The Centers for Medicare and Medicaid Services (CMS) implemented new G-codes for therapy functional reporting at the beginning of 2013. G-codes became required on every Medicare rehabilitation claim starting July 1st, 2013—without them, the claim is rejected. JTECH spoke with Paula White, the Practice Director of an orthopedic office, in order to better understand how G-codes are affecting the billing of functional therapy services.
"G-codes were created by CMS to measure functional outcomes data from therapy services to better identify patient condition outcomes. CMS is hoping to better understand therapy services and how patients' functional limitations may change as a result of the therapy they received. This data will be used to assist the payment reform of therapy services.
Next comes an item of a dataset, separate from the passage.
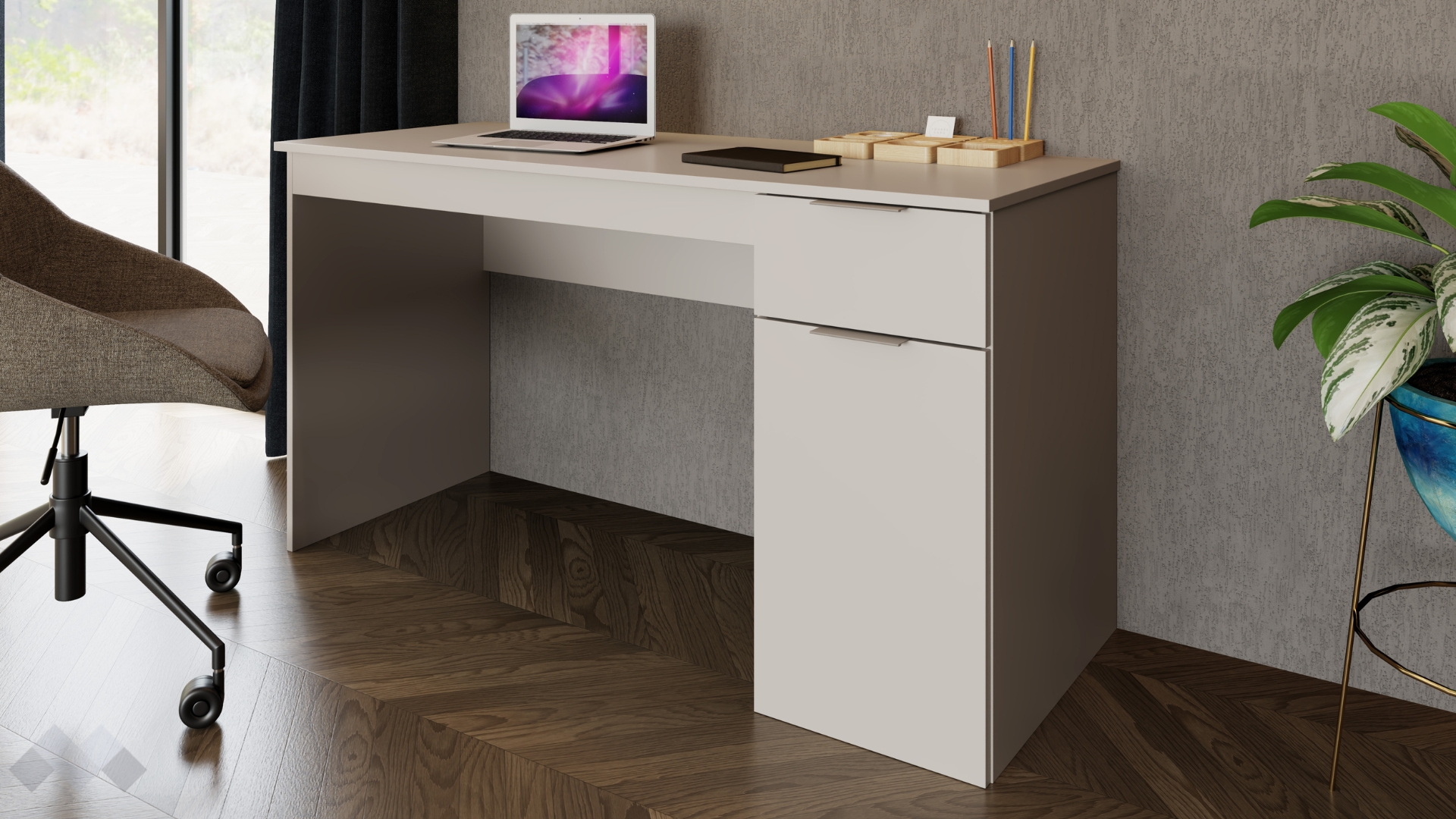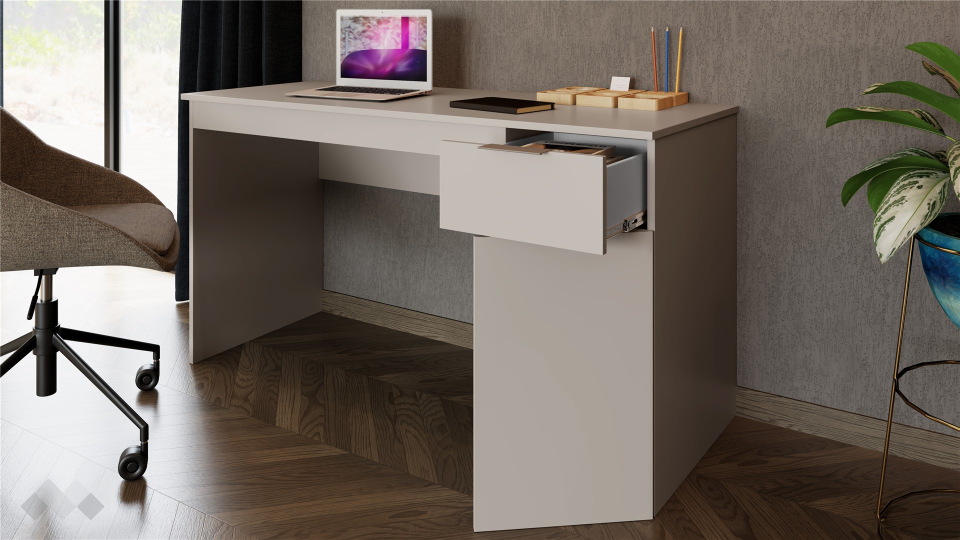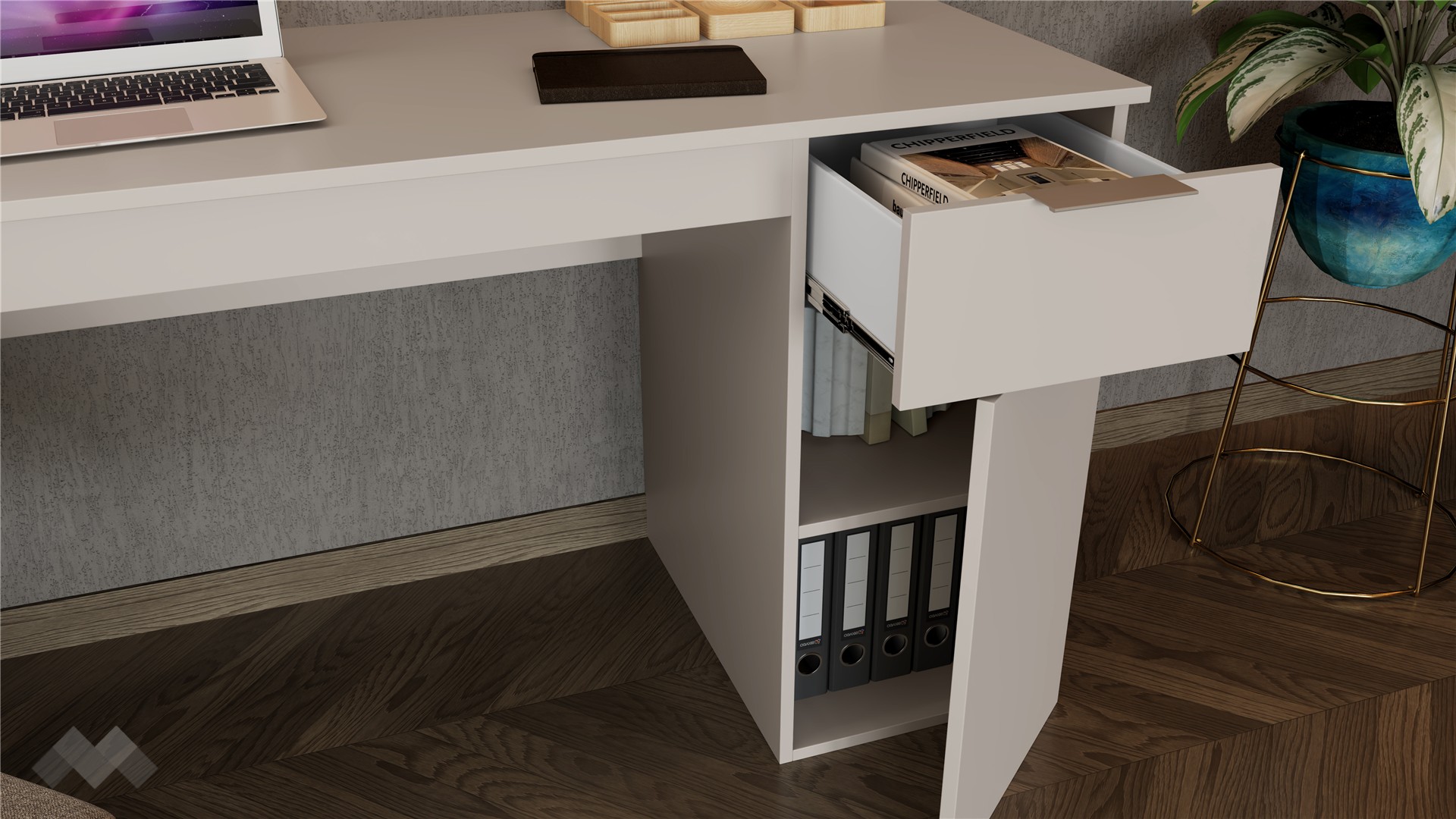 Под работния плот е разположено удобно чекмедже, в което можеш да поставиш най-необходимите документи или други вещи, а под него има затворен шкаф с рафт, подходящ за организиране на необходимите в работата инструменти и канцеларски материали. Чекмеджето е снабдено със сачмени водачи с пълно изтегляне, които осигуряват пълен достъп до съдържанието и гарантират дълготрайна устойчивост.
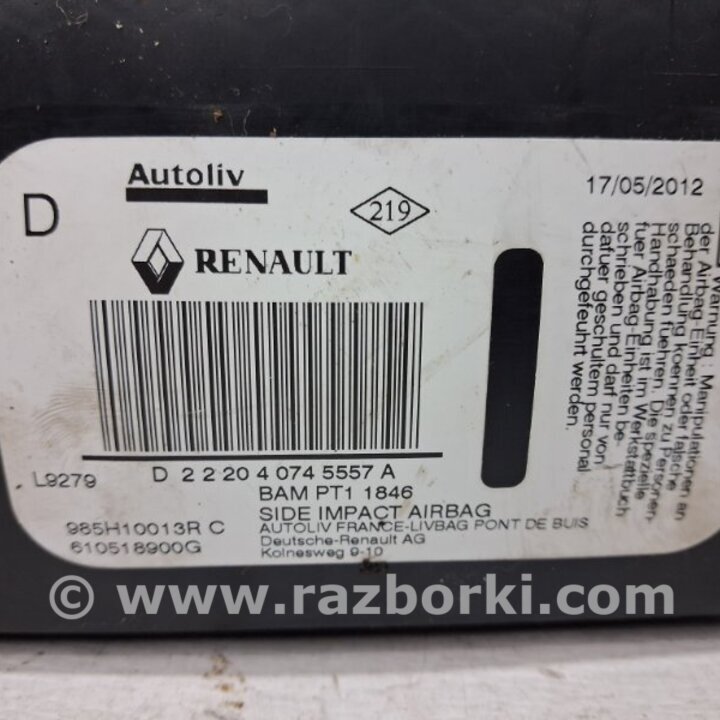 ПОДУШКА БЕЗОПАСНОСТИ В КРЕСЛО RENAULT MEGANE 3 985H10013R

“CMS has identified 42 G-codes to describe the particular functional limitation that is requiring therapy. Therapists are required to report these codes along with modifiers which identify the severity of the limitation at the first therapy session, a minimum of every 10th visit, and at discharge.
"The percentage of disability will be determined by the measurements obtained by the therapist as well as their professional judgment. G-codes and severity modifiers must be documented as part of the medical record and claim. It is mandatory that all tools and other information used to measure these outcomes are also documented and submitted on the claim forms. If G-codes are not properly submitted and documented, claims will be rejected and returned, and payment will not be issued for those services."